I am trying to calculate one FT problem, but when I finished this in my way, and then looked the answer, I found I probably derive an incorrect answer. However, I can not figure out which steps are wrong.

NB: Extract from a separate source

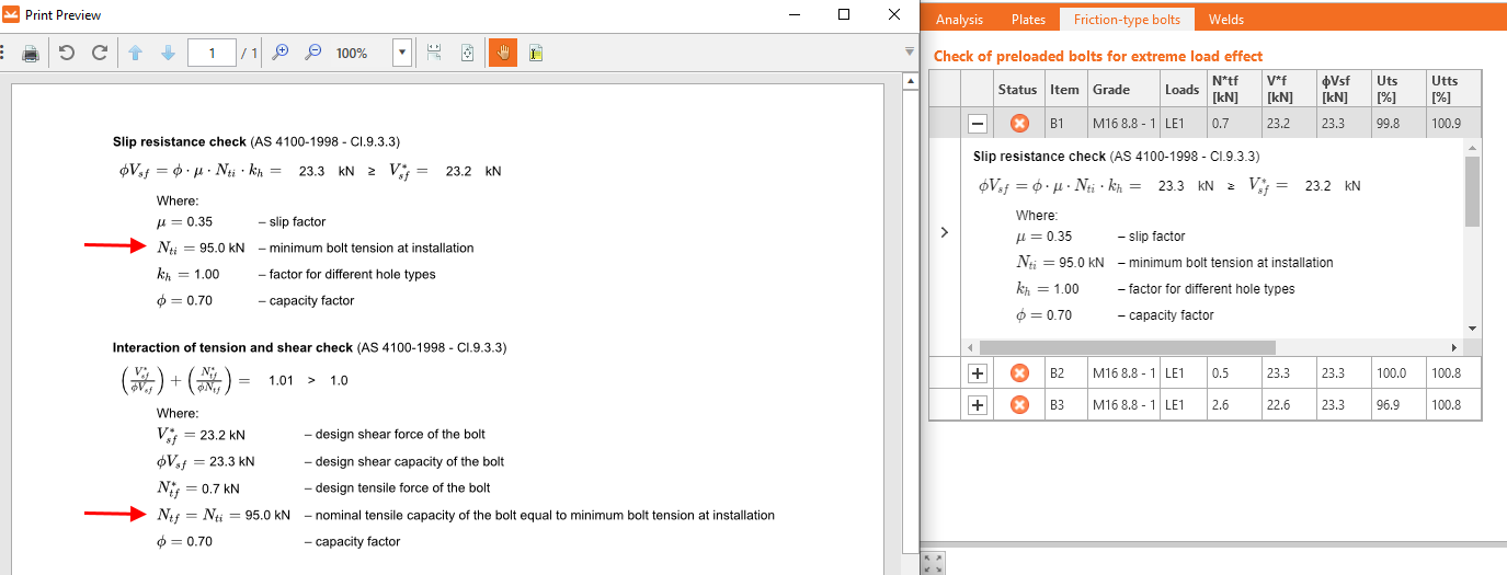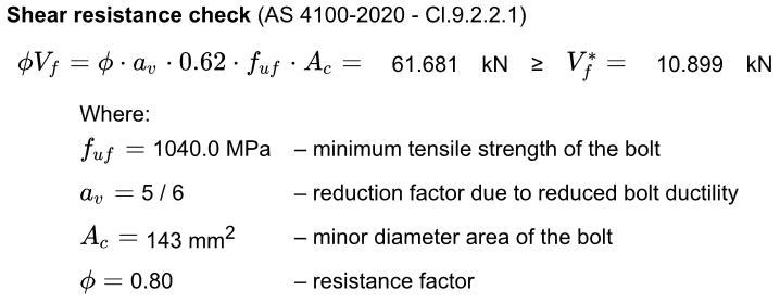 Regarding the code check, it was complemented for high strength bolt assemblies according to ASI TN001 by:

Any suggestions are appreciated
$$x(t) = e^{j3t}e^{-|5t+7|}$$
My method:
1.Rewrite $$x(t)$$ as $$x(t) = e^{-7}e^{j3t}e^{-5t}u(t) + e^{7}e^{5t}u(-t)e^{j3t}$$ where u(t) is unit step function
2.Define helper functions $$v_1(t) = e^{-5t}u(t) \to V_1(w) = \frac{1}{5+jw}$$ $$v_2(t) = v_1(-t) \to V_2(w) = \frac{1}{5-jw}$$ $$v_3(t) = e^{j3t}v_1(t) \to V_3(w) = \frac{1}{5+j(w-3)}$$ $$v_4(t) = e^{j3t}v_2(t) \to V_4(w) = \frac{1}{5-j(w-3)}$$
3.Combine above functions together $$X(w) = \frac{e^{-7}}{5+j(w-3)} + \frac{e^{7}}{5-j(w-3)}$$
The correct answer is: $$X(w) = \frac{10e^{\frac{j7(w-3)}{5}}}{(w-3)^{2}+25}$$
Your error is right at the start: your rewritten expression for $x(t)$ is wrong.
We have $5t+7$ changes sign when $t=-7/5$, not when $t=0$. So your step functions need to be shifted.